Work instructions
Set down exactly the lines below between the line holding "Csengőffy László színművész" and the line holding "A gyermekek játékát", inclusive; no other line belongs in the answer.

Provided data
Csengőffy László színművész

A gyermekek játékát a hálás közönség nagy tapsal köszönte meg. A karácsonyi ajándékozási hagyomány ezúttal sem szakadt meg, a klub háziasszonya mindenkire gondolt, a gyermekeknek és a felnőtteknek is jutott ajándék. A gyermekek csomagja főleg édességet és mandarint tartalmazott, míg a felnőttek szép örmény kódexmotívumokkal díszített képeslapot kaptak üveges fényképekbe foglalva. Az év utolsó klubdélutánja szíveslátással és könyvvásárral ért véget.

==

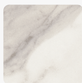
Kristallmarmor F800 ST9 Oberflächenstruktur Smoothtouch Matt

Output
Csengőffy László színművész

A gyermekek játékát a hálás közönség nagy tapsal köszönte meg. A karácsonyi ajándékozási hagyomány ezúttal sem szakadt meg, a klub háziasszonya mindenkire gondolt, a gyermekeknek és a felnőtteknek is jutott ajándék. A gyermekek csomagja főleg édességet és mandarint tartalmazott, míg a felnőttek szép örmény kódexmotívumokkal díszített képeslapot kaptak üveges fényképekbe foglalva. Az év utolsó klubdélutánja szíveslátással és könyvvásárral ért véget.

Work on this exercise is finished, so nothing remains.